BEIJING, Feb. 5 -- China's consumer market boomed during the first days of the Lunar New Year holiday despite falling luxury gift sales, according to the Ministry of Commerce (MOC) on Wednesday.
In the first four days of the week-long Spring Festival holiday, the most important traditional holiday in China, consumer market sales expanded steadily and quickly, the MOC said in a statement on its website.
Without giving nationwide figures, the MOC said consumer market sales in the cities of Beijing and Chengdu had risen by 9.2 percent and 13 percent year on year respectively. According to the MOC, sales in Shaanxi, Anhui and Henan provinces grew by 14.3 percent, 11.2 percent and 10.4 percent respectively.
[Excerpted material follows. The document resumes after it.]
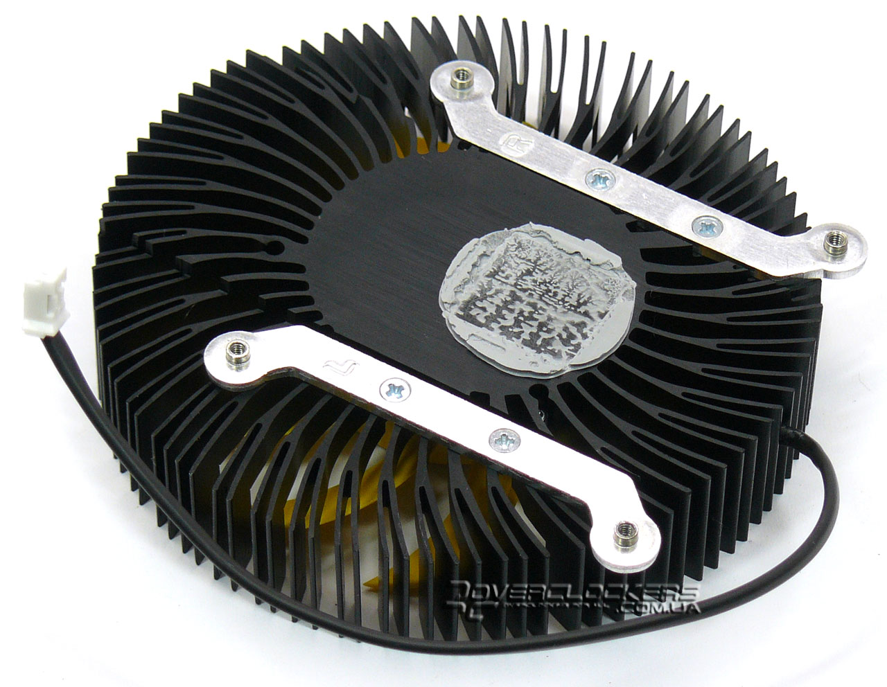Радиатор системы охлаждения выполнен из анодированного алюминия, при этом основание кулера смещено относительно ядра графического процессора. Аналогичная СО использовалась и ранее в продуктах Inno3D, но с белым вентилятором. Судя по всему, компания решила желтым цветом подчеркнуть отношение рассматриваемого адаптера к экономичным решениям.

Online business and the catering, tourism and entertainment sectors have also prospered during the holiday, according to the MOC.
China's consumer market has boomed in spite of falling sales of luxury goods purchased as new year gifts, according to the MOC.
Sales of luxury gifts such as expensive alcoholic beverages and rare seafood, which are sometimes sent as gifts to officials during the holiday, have fallen sharply. Experts have viewed the drop as a direct result of the central government's anti-graft and frugality campaign.
In Fuzhou, capital city of the prosperous east coast province of Fujian, a dozen shopping malls saw sales of luxury alcoholic beverages fall by 70 percent year on year in the first four days of the holiday, and sales of rare seafood were down by 50 percent, while sales of ordinary goods went up in general, said the MOC.